Generalized anxiety disorder (GAD) is one of the common neuroses with lifetime prevalence rate of 4–7% in general population [1, 2] and characterized by excessive, uncontrollable, and often irrational worry [2–4]. Chemical drugs have been widely used for the treatment of GAD worldwide. For example, benzodiazepines, which enhance the effect of the neurotransmitter gamma-aminobutyric acid (GABA) via targeting receptor, are classic anxiolytics for GAD [5, 6]. But benzodiazepines are not recommended for a long-term treatment, because they are associated with tolerance, psychomotor impairment, cognitive and memory changes, physical dependence, and withdrawal reaction on discontinuation . However, 40% of GAD patients had reported illness duration lasting >5 years  and a long-term efficacious and safe protocol is required [9, 10].

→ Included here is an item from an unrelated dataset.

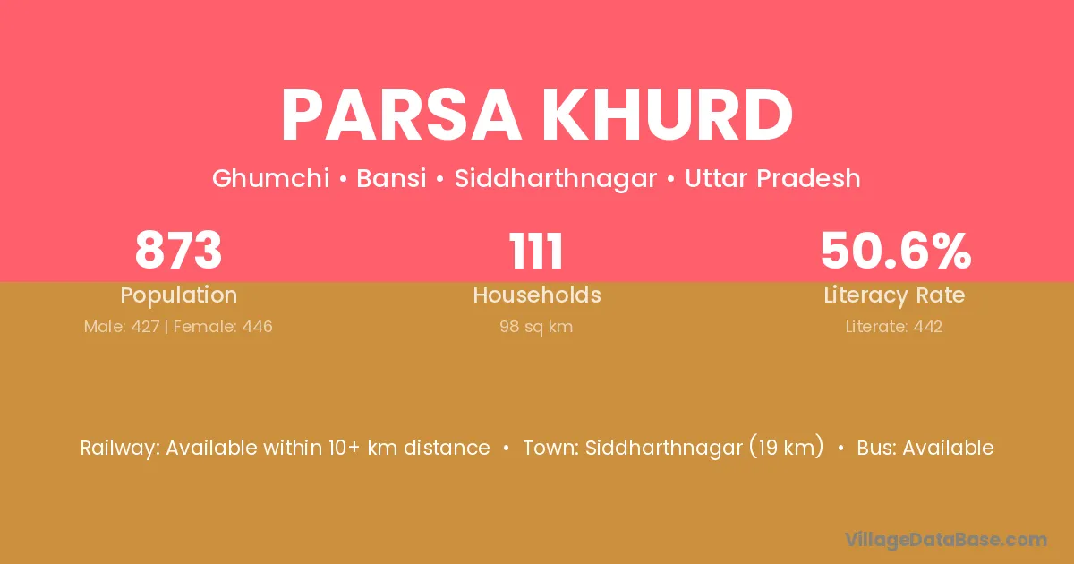 Parsa Khurd village has a total population of 3,148 people, of which 1,570 are males and 1,578 are females.
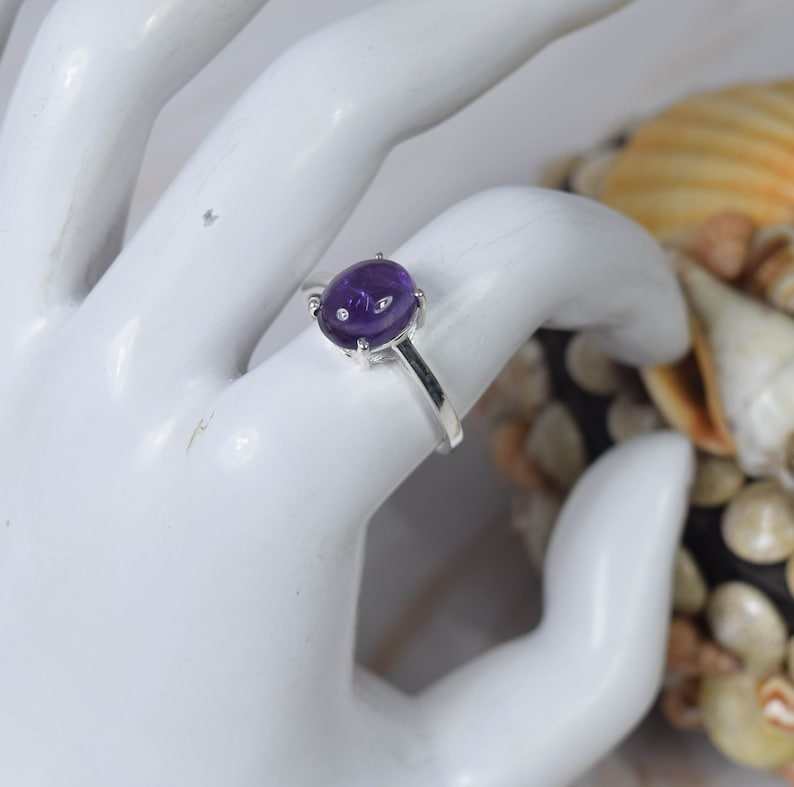 แหวนพลอยอัญมณีแกะสลักรูปวงรีทรงรีจากอเมทิสต์ธรรมชาติ925แหวนแฟชั่นสำหรับปาร์ตี้ทำจากเงินสเตอร์ลิงสำหรับผู้หญิง

In recent years, paroxetine is widely used for the long-term continuing treatment of GAD [8, 11]. However, its anxiolytic response in GAD patients represents an obviously delayed process . This delayed response causes patients to doubt paroxetine treatment and then decrease their compliance. In order to control anxiety as soon as possible, benzodiazepines such as diazepam are still concurrently given with paroxetine for a short time although they have some shortcomings mentioned above.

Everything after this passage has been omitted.